To train a deep neural network model well, large datasets containing thousands, sometimes even millions of annotated pictures are needed. Labeling them one by one even with the help of useful tools is still time-consuming. Therefore, SentiSight.ai presents AI-assisted labeling that enables an iterative labeling process. To be able to work with it, the user needs to annotate a small number of images and train a neural network model with them, which can then be used to make predictions on the rest of the dataset. The platform then allows the annotator to review the results and correct specific labels if needed. Already having annotations to choose from does not require the user to spend too much time coming up with new ones. Afterward, the images can be added to the training set so that a more accurate version of the model could be trained. Repeating the process with more pictures a few more times provides the user with better results with every iteration.

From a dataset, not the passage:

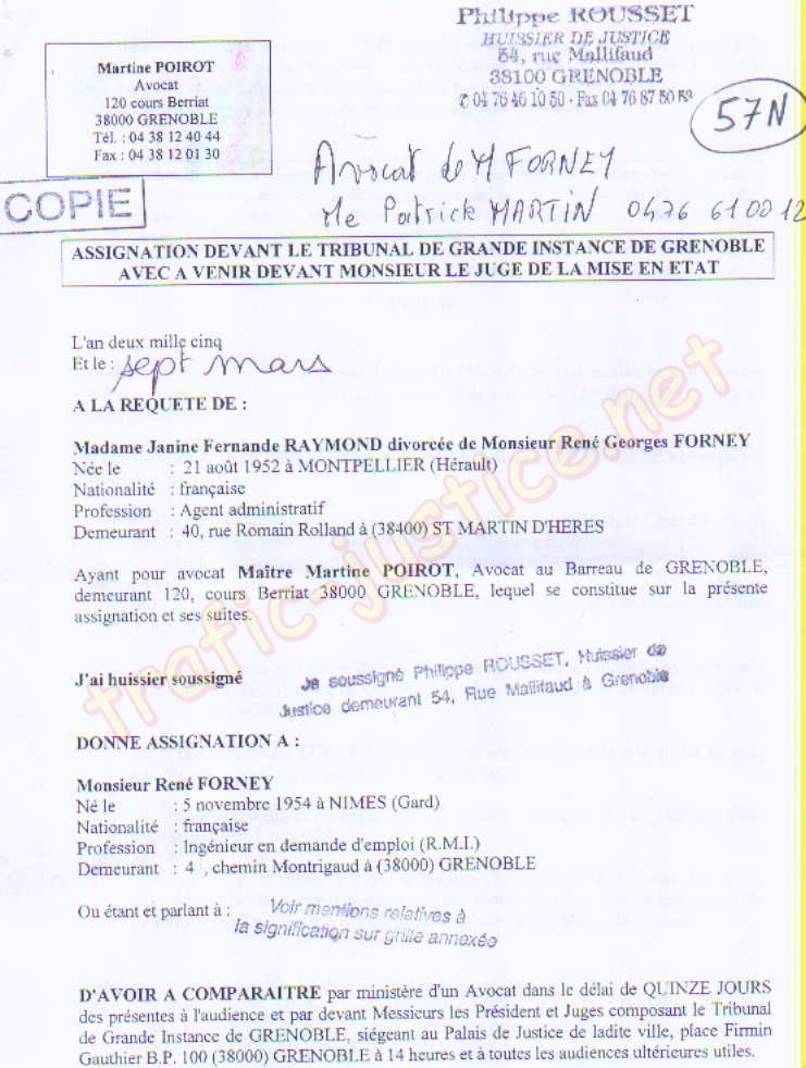 Partage imposé au profit de Mme RAYMOND Janine responsable après l'urbanisme du service des eaux de la Mairie d'Echirolles et de son amant le flic ripou GIRAUD Paul Maurice associé à d'autres ripoux Je croyais avoir enfin un avocat qui semblait (Courte durée - 3 mois !) décidé à mettre fin aux magouilles de ses confrères complices de certains magistrats corrompus du TGI de Grenoble. |

As we are entering a new era of AI technology, using deep learning algorithms for autonomous vehicles, facial recognition and robotics, image labeling tasks are becoming more important than ever. Some projects require a huge number of images to be labeled, which cannot be done by one or two labelers. For this reason, not having a strong management system can prove to be a challenge for large teams working on a single project. While working on our platform, users can share projects within their team, supervisors can add new roles and manage permissions. They can also track the time spent labeling images, either by checking day to day statistics or the overall time spent on a project. These summaries can also be downloaded in CSV format. The platform allows users to filter images by type, as in ‘seen by you’, ‘labeled by you’, ‘marked as validation set’, etc, by names and by image status, which can be set to ‘seen’ or ‘labeled’ by particular team members to avoid duplication, track your work and remind what has already been done. If desired, images can be marked as ‘seen’ or ‘unseen’ by the user if the project guidelines have changed and annotation revisions are needed. Since SentiSight.ai is an online tool, everyone’s work can be checked by their supervisor in real-time.
The ability to see and understand what we see comes naturally to humans, and so we tend to take it for granted. However, teaching someone else, especially a machine, to perceive things as we do is a long and laborious process. In computer vision, correctly describing the ground truth is a critical task requiring careful consideration. Therefore, to make it easier and speed up the process, image labeling platforms such as SentiSight.ai are here to help by offering powerful tools, assisting to improve the technology we currently have.